Apply for the USC Annenberg Center for Health Journalism Impact Fund for Reporting on Health Equity and Health Systems 2021. The Fund will support ambitious investigative or explanatory projects on systemic racism in health care policy and practice and inequity in treatment, patient experience, and health outcomes for Black people, Indigenous people, and people of color.
Deadline
November 30, 2021
Journalists can play an important role in highlighting systemic and structural forces and how they impact individuals, families and communities. As we begin to emerge from the pandemic, there is a pressing need for journalism that calls attention to chronic inequities and offers up paths for change. The Center for Health Journalism invite you to take advantage of this unique moment of racial reckoning in America’s history to produce deep reporting with their support.

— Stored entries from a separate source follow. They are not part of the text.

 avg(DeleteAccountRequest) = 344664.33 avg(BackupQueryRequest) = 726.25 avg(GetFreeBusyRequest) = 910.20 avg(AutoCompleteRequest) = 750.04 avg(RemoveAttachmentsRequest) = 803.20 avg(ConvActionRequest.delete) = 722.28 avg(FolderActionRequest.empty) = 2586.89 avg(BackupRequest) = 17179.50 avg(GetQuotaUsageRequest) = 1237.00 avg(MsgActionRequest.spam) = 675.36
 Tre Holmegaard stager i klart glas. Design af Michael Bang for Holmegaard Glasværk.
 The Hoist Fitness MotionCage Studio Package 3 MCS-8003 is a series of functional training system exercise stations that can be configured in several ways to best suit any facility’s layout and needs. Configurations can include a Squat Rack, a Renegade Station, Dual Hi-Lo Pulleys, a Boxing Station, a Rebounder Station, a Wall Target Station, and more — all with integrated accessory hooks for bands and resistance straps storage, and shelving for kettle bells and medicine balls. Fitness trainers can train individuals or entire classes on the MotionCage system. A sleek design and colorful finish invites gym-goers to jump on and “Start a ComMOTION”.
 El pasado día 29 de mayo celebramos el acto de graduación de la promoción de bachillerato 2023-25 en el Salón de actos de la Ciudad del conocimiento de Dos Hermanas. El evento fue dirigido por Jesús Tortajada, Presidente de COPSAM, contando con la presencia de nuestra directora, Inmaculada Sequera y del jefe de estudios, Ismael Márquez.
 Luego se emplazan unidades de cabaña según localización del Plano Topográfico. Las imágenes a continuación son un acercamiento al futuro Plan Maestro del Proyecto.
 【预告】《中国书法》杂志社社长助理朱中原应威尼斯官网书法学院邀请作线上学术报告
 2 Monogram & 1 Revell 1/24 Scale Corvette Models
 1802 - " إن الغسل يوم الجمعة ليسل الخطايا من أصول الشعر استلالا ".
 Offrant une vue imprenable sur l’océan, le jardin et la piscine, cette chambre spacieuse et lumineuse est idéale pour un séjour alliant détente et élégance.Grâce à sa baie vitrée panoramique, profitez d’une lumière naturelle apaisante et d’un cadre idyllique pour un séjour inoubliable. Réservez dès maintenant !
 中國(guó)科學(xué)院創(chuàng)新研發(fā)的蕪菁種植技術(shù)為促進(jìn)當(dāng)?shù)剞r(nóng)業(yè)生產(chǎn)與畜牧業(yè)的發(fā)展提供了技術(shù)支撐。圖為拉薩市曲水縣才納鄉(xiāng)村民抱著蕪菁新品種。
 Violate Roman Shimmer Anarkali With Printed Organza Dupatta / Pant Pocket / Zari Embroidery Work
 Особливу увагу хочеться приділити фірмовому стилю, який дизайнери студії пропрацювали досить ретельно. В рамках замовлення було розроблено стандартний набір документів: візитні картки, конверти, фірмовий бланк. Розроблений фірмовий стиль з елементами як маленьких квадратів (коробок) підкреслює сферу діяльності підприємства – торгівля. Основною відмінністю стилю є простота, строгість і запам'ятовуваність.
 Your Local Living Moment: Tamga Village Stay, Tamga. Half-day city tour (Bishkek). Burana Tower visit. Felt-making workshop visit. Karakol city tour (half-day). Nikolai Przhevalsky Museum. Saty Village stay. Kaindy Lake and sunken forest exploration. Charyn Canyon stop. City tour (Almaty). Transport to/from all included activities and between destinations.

The Center invites proposals for investigative and explanatory explorations of the consequences for people of color and of policy or practice reforms that could lead to more positive outcomes. Each applicant must propose an ambitious reporting project that would illuminate the role that health systems play in creating or perpetuating racial disparities in reproductive health and maternity care and birth outcomes; cancer prevention and treatment; diabetes, kidney failure and amputations; heart disease prevention and treatment; drug treatment; mental health care and more.
Benefits
- This fund will provide reporting grants of $2,000 – $10,000 and six months of mentoring by veteran journalists to five to eight competitively chosen journalists from around the country.
- Grantees will benefit from online training focused on the interplay between health systems and health equity and participate in monthly meetings with other participating reporters.
Eligibility
- Open to professional journalists who work for or contribute to print, broadcast and online media outlets based in the United States.
- Applicants do not need to be full-time health reporters, but should have a demonstrated interest in health issues.
- They prefer that applicants have a minimum of three years of professional experience; many have decades.
- Journalists writing for ethnic media and journalists of color are strongly encouraged to apply.
- Proposals for collaborative projects between mainstream and ethnic news outlets receive preferential consideration, as do projects produced for co-publication or co-broadcast in both mainstream and ethnic news outlets.
- Freelancers are welcome, but need to have a confirmed assignment and should earn the majority of their income from journalism.
- Applicants must be based in the United States. Students and interns are ineligible.
Application
The application asks for the following:
- A statement of purpose
- A project proposal
- A statement of impact
- A proposed budget
- Three samples of professional work
- A current resumé
- A letter of reference
- An Editor’s Checklist signed by a supervising editor and confirming the media outlet’s intent to publish or broadcast the project
Applicants must join CenterforHealthJournalism.org and post a profile and photo.